Technik
Schaar kritisiert Reaktion der Bundesregierung auf NSA-Skandal
GDN -
Der Bundesbeauftragte für den Datenschutz, Peter Schaar, hat in der "Berliner Zeitung" (Freitag-Ausgabe) umfassende Kritik am Umgang der Bundesregierung mit dem NSA-Skandal geübt. Mit Blick auf Kanzleramtsminister Ronald Pofalla (CDU) erklärte er: "Wie Herr Pofalla zu sagen, die deutschen Nachrichtendienste hielten zu 100 Prozent den Datenschutz ein, ist sehr mutig. Wenn Sie meine Tätigkeitsberichte lesen, werden Sie feststellen, dass da auch nicht alles zu 100 Prozent datenschutzkonform gelaufen ist." Überdies tauschten in- und ausländische Nachrichtendienste ihre Informationen offenbar aus.
Es bestehe der begründete Verdacht, dass "auf diese Weise unsere Grundrechte ausgehebelt werden". "Die Bezeichnung Massenüberwachung ist hier sicherlich nicht übertrieben", betonte Schaar, "selbst wenn es bei uns eine gesetzliche Begrenzung auf 20 Prozent der Übertragungskapazität gibt." Es gebe "nach wie vor großen Klärungsbedarf". Und es sei falsch, dass nur das Parlamentarische Kontrollgremium informiert werde. "Wir brauchen mehr Transparenz – nicht nur gegenüber Geheimgremien, sondern in der Öffentlichkeit.
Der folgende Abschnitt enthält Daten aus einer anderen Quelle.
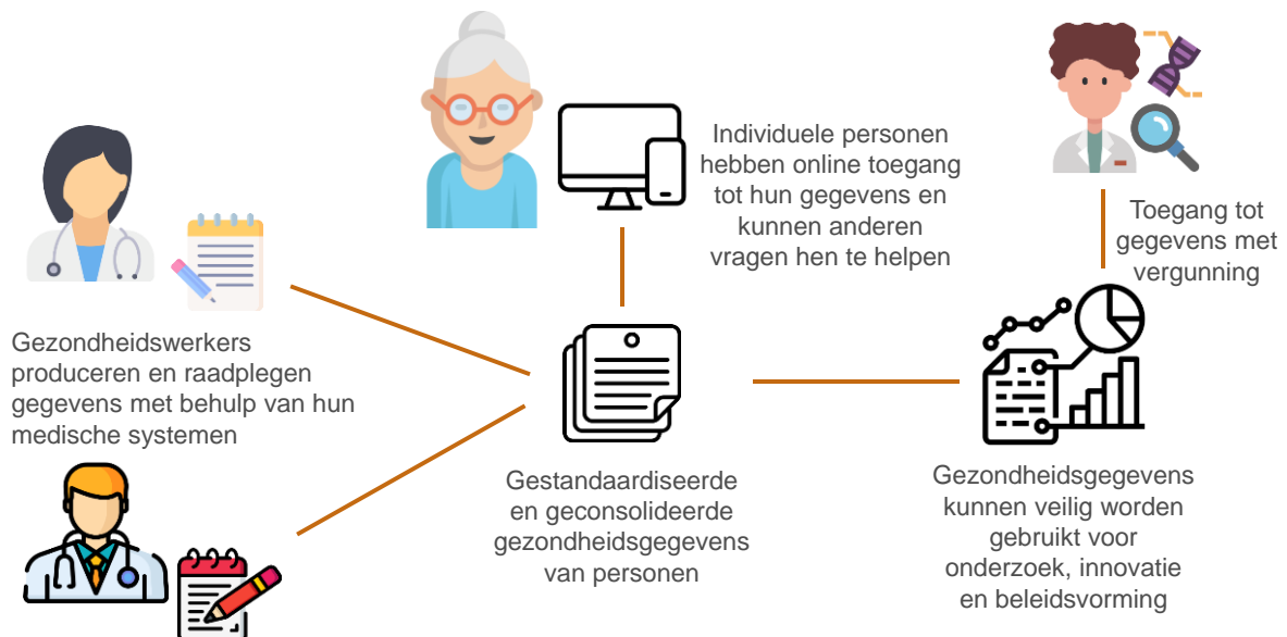
Figuur 3 — Primair en secundair gebruik van elektronische gezondheidsdossiers

Voor de ontwikkeling van een werkelijk gemeenschappelijke Europese ruimte voor gezondheidsgegevens zijn maatregelen op nationaal en EU-niveau nodig, alsmede nauwe samenwerking tussen publieke en private belanghebbenden (bijvoorbeeld nationale digitale gezondheidsinstanties, volksgezondheidsinstellingen, gegevensbeschermingsautoriteiten, zorgaanbieders, gezondheidswerkers, academische en onderzoeksinstituten en patiëntenverenigingen).

Denn nur so kann in der politischen Debatte bewertet werden, welchen Umfang die Überwachung hat, wie sie begrenzt werden kann und muss. Eine Kontrolle, die selbst nur unter Geheimbedingungen stattfindet, ist sehr begrenzt wirksam. Da sehe ich dringenden Verbesserungsbedarf." Den Bundesinnenminister Hans-Peter Friedrich (CSU), der nach Bekanntwerden des Skandals von einem "Supergrundrecht" auf Sicherheit gesprochen hatte, kritisierte der Datenschutzbeauftragte mit den Worten: "Ich habe diese Äußerung nicht verstanden. Es gibt im Grundgesetz ein einziges Supergrundrecht, und das ist die Menschenwürde. Daran sollte man sich orientieren. Daraus leitet sich übrigens das Grundrecht auf informationelle Selbstbestimmung, also der Datenschutz, ganz wesentlich ab. Das bedeutet nicht, dass Sicherheit unwichtig ist. Aber sie steht nicht über allem." Schaar, der Ende des Jahres aus dem Amt scheidet, sagte gegenüber der "Berliner Zeitung" schließlich: "Es ist gut, dass sowohl bei uns als auch in anderen europäischen Ländern die Beunruhigung wächst. Das gilt auch für die USA. Es muss der Anspruch einer Demokratie sein, hier steuernd einzugreifen und die Überwachung zurückzufahren. Auch die Tätigkeit von ausländischen Nachrichtendiensten auf deutschem Boden, etwa im Rhein-Main-Gebiet, wo sich die wichtigsten Internetknoten befinden, muss geklärt werden." Die National Security Agency (NSA) ist derzeit dem Vernehmen nach in Darmstadt aktiv und baut ein Abhörzentrum auf dem Gelände der US-Armee in Wiesbaden-Erbenheim.